═════ The data
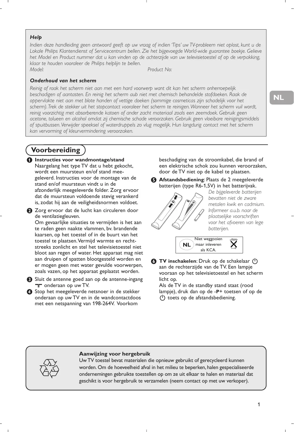 Help Indien deze handleiding geen antwoord geeft op uw vraag of indien ‘Tips’ uw TV-probleem niet oplost, kunt u de Lokale Philips Klantendienst of Servicecentrum bellen. Zie het bijgevoegde World-wide guarantee boekje. Gelieve het Model en Product nummer dat u kan vinden op de achterzijde van uw televisietoestel of op de verpakking, klaar te houden vooraleer de Philips helplijn te bellen. Model: Product No: Onderhoud van het scherm Reinig of raak het scherm niet aan met een hard voorwerp want dit kan het scherm onherroepelijk beschadigen of aantasten. En reinig het scherm aub niet met chemisch behandelde stofdoeken. Raak de oppervlakte niet aan met blote handen of vettige doeken (sommige cosmeticas zijn schadelijk voor het scherm). Trek de stekker uit het stopcontact vooraleer het scherm te reinigen. Wanneer het scherm vuil wordt, reinig voorzichtig met absorberende katoen of ander zacht materiaal zoals een zeemdoek. Gebruik geen acetone, tolueen en alcohol omdat zij chemische schade veroorzaken. Gebruik geen vloeibare reinigingsmiddels of spuitbussen. Verwijder speeksel of waterdruppels zo vlug mogelijk. Hun langdurig contact met het scherm kan vervorming of kleurvermindering veroorzaken. Voorbereiding & Instructies voor wandmontage/stand Naargelang het type TV dat u hebt gekocht, wordt een muursteun en/of stand meegeleverd. Instructies voor de montage van de stand en/of muursteun vindt u in de afzonderlijk meegeleverde folder. Zorg ervoor dat de muursteun voldoende stevig verankerd is, zodat hij aan de veiligheidsnormen voldoet. é Zorg ervoor dat de lucht kan circuleren door de ventilatiegleuven. Om gevaarlijke situaties te vermijden is het aan te raden geen naakte vlammen, bv. brandende kaarsen, op het toestel of in de buurt van het toestel te plaatsen.Vermijd warmte en rechtstreeks zonlicht en stel het televisietoestel niet bloot aan regen of water. Het apparaat mag niet aan druipen of spatten blootgesteld worden en er mogen geen met water gevulde voorwerpen, zoals vazen, op het apparaat geplaatst worden. “ Sluit de antenne goed aan op de antenne-ingang x onderaan op uw TV. ‘ Stop het meegeleverde netsnoer in de stekker onderaan op uw TV en in de wandcontactdoos met een netspanning van 198-264V. Voorkom
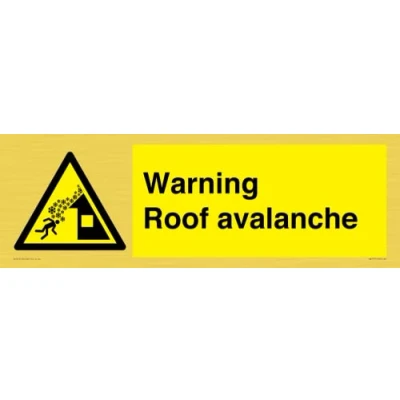 W040 : Roof avalanche This sign is made from vinyl gold sticker Gold metal effect sticker for flat, clean surfaces. Not for rough, plastic, or dusty surfaces. 62 landscape Sign Text: Warning Roof avalanche
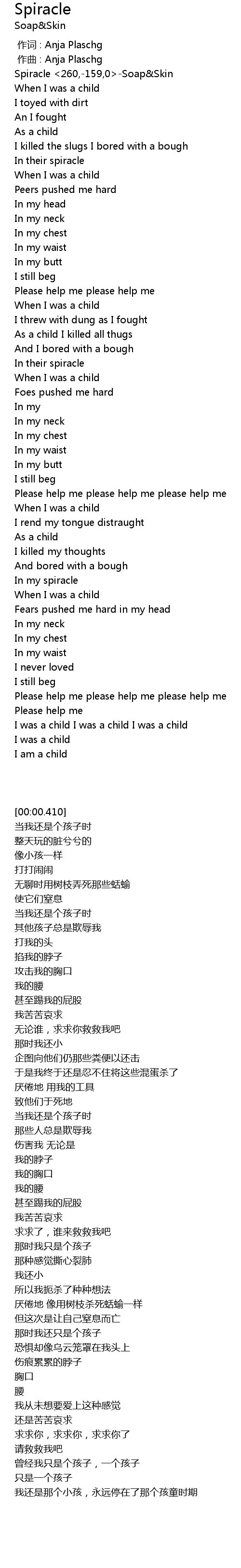 | [00:00.000] | 作词 : Anja Plaschg |
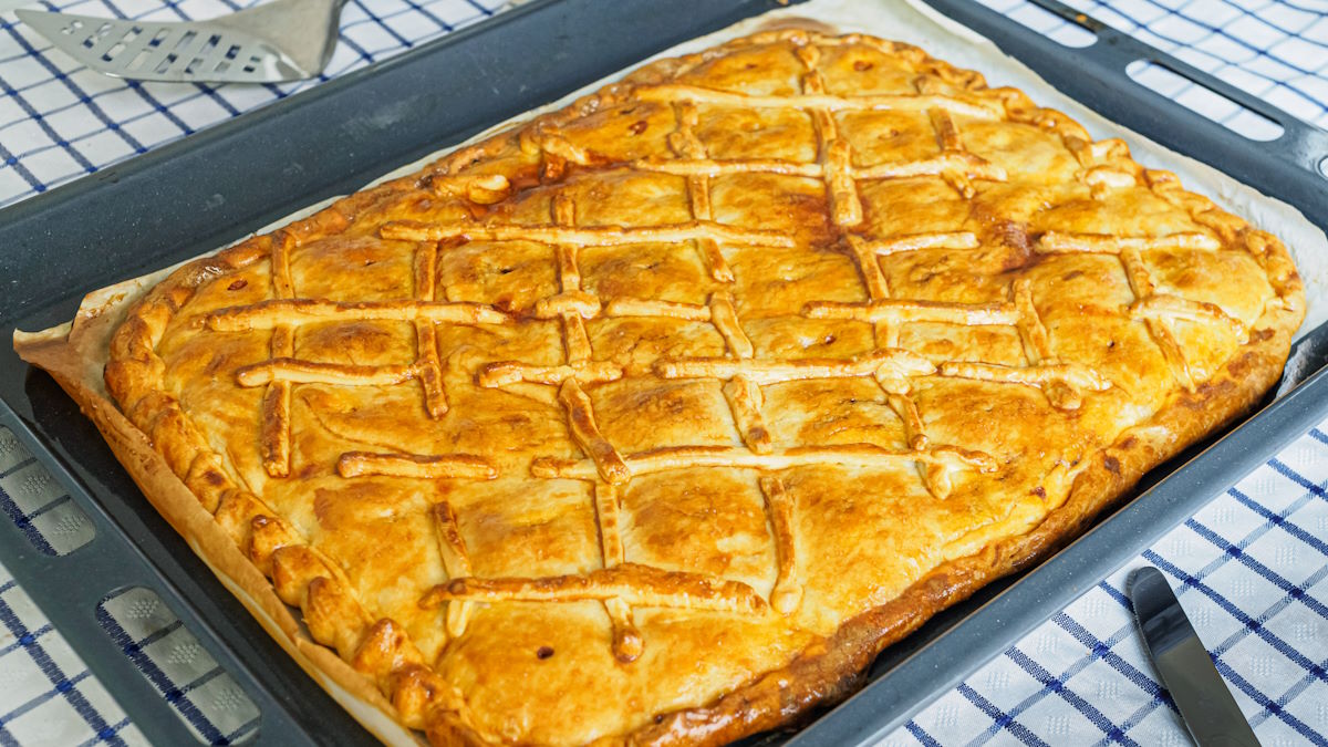 - Заранее размороженное слоеное тесто раскатайте в два равных по размеру тонких прямоугольника. Противень или неглубокую форму смажьте растительным маслом, сверху выложите один пласт теста и сформируйте бортики.
══════════
• Goal of the exercise: Your task is to restate word for word the lines from the one containing "Anja Plaschg |" through the last line of the data, both ends included, with no pictures.

• Reply:
 | [00:00.000] | 作词 : Anja Plaschg |
 - Заранее размороженное слоеное тесто раскатайте в два равных по размеру тонких прямоугольника. Противень или неглубокую форму смажьте растительным маслом, сверху выложите один пласт теста и сформируйте бортики.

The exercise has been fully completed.